Netz (1999) argues that diagrams are crucial to Greek mathematics and necessary to reading the text, but he notes that this fact was little discussed in modern literature. In recent years, however, there has been a growing interest in including diagrams and their manuscript evidence in the preparation of scholarly editions.

The use of diagrams in scholarly editing
Saito (2006), Sidoli (2007), De Young (2009) and Roughan (2016) have all advocated for critically editing the diagrams which accompany ancient mathematical texts. Until now, the editorial practice was often confined to publishing diagrams which follow modern standards rather than manuscript evidence (De Young 2009), as well as trying to benefit the reader (Sidoli 2007). Modern editors print arbitrary parallelograms and triangles, whereas manuscripts have rectangles and isosceles triangles even when the text does not require it. The critical apparatus does not usually offer information regarding the state of diagrams in the manuscripts (Netz 1999, Saito 2012). Netz (2004) has attempted to provide a kind of critical apparatus for diagrams in Archimedes’ work, but Roughan (2016) remarks that this approach is limited for printed edition due to the amount of space it consumes.
The study of diagrams can broaden our knowledge of textual transmission by highlighting elements absent from the text: Raynaud (2014), for instance, has shown how the tradition of diagrams can help create a stemma codicum of Ibn al-Haytham’s
Epistle on the Shape of the Eclipse, an Arabic mathematical treatise from the eleventh century. The diagrams were analysed with regard to stated or unstated characters: unstated characters are aspects of a diagram not described in the text, and therefore much more difficult to correct. Raynaud (2014) concluded that diagrams had a higher concentration of errors and were therefore particularly promising to study manuscript traditions, especially rich and complex traditions.

As a result, automated collation of diagrams may be particularly useful for Euclid’s
Elements. A broad survey of the
Elements witnesses by Roughan (2016) has recorded 477 manuscripts in Latin, Greek and Arabic.
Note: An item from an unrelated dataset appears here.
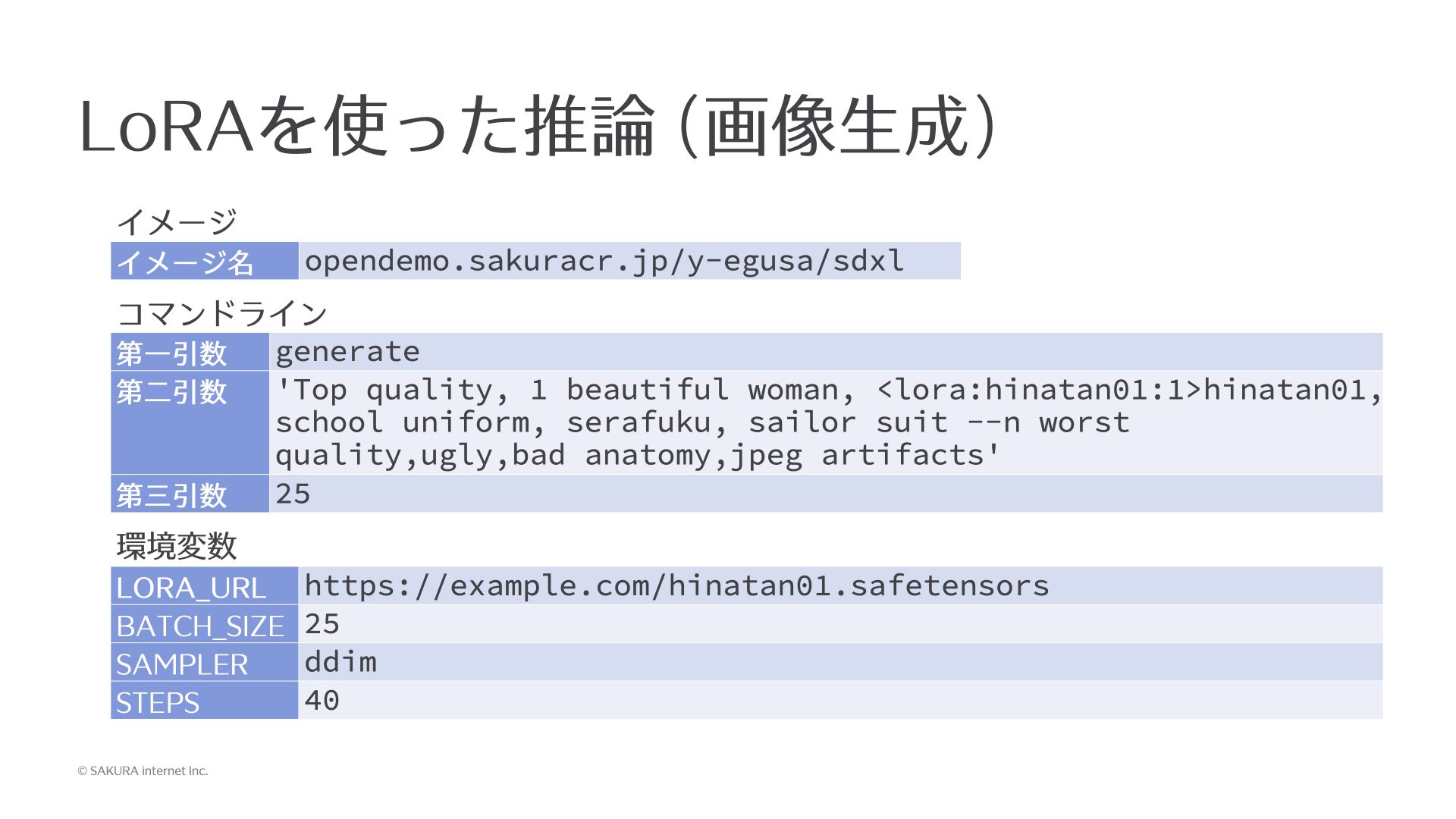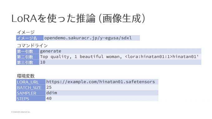 今度は先ほど作ったLoRAを使いたいので、環境変数にそのLoRAのファイルのURLを指定しておくと、それをwgetでダウンロードしてきて使うようにシェルスクリプトを作ってあります。今回実行するコマンドの特徴としては、第2引数において「<lora:hinatan01:1>hinatan01」という記述がありますが、これが「学習した単語を使ってほしい」という意味になります。loraは固定文字列、hinatan01はファイル名で、その後の数値が適用量になります。強く使いたい場合は1、半分ぐらい使ってほしい場合は0.5というように、どれぐらい強くその特徴を使うかを指定して学習時の単語を指定してあげると、先ほどLoRAを作るときに使った単語の特徴が紐付いた形で画像に反映されるということになります。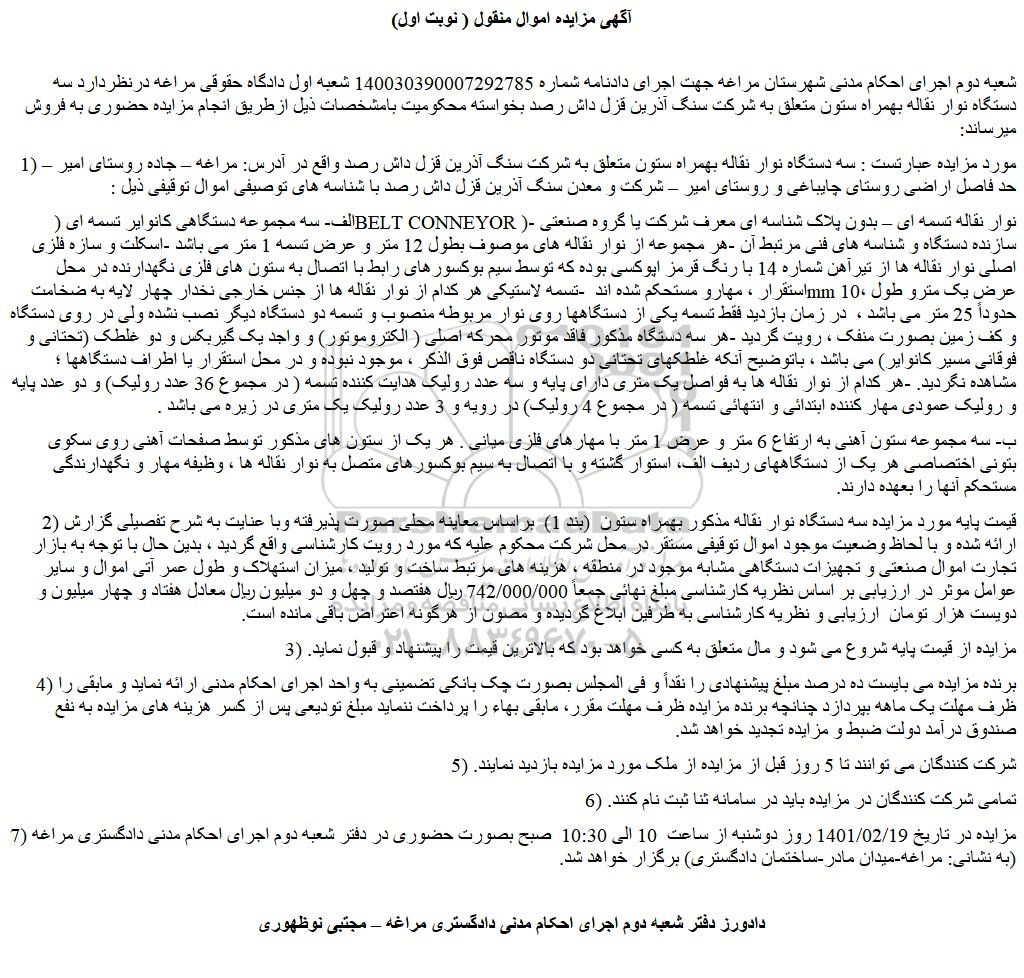 شعبه دوم اجرای احکام مدنی شهرستان مراغه جهت اجرای دادنامه شماره 140030390007292785 شعبه اول دادگاه حقوقی مراغه درنظردارد سه دستگاه نوار نقاله بهمراه ستون متعلق به شرکت سنگ آذرین قزل داش رصد بخواسته محکومیت بامشخصات ذیل ازطریق انجام مزایده حضوری به فروش میرساند:

Preliminary to automated collation
Automated textual collation is divided into a series of steps: the first is to split the text into smaller units, called tokens, which are then compared (Dekker et al. 2015). How can diagrams be tokenized for the purpose of automated collation? Scholars have provided lists of a diagram’s features: ‘the features which usually define a technical drawing are its basic components: points, segments, curves, colored surfaces, and various labels’ (Roegel 2015: 1). Sidoli and Li (2013) have divided features between mathematical (labeling, ordering of points, positioning of lines, and differentiation into cases) and visual features (general layout or orientation, direction of curvature, and the presence of extra, unnecessary arcs). A potential implementation of automated collation could make use of CollateX’s flexible input, which permits to encode a reading - here a diagram - as a set of features. Simplified examples of features could include “labels:ABCD”, “labels:none”, “orientation:left” or “orientation:right”.
However, as soon as diagrams become more complex, the number of potential features increases: not only point, lines, and angles but also multiple surfaces would make automated collation more cumbersome. To attempt identifying relevant patterns of differences in diagrams and thus reduce the number of features to be compared, this project proposes to create a database of annotated diagrams with the tool Archetype

https://archetype.ink/
(Accessed November 26, 2018). Archetype is the framework underlying the Digipal project (
http://digipal.eu, accessed 20 April 2019). Although Archetype was first developed to study palaeography, it has a rich annotation environment where a figure can be decomposed into a series of component with particular features.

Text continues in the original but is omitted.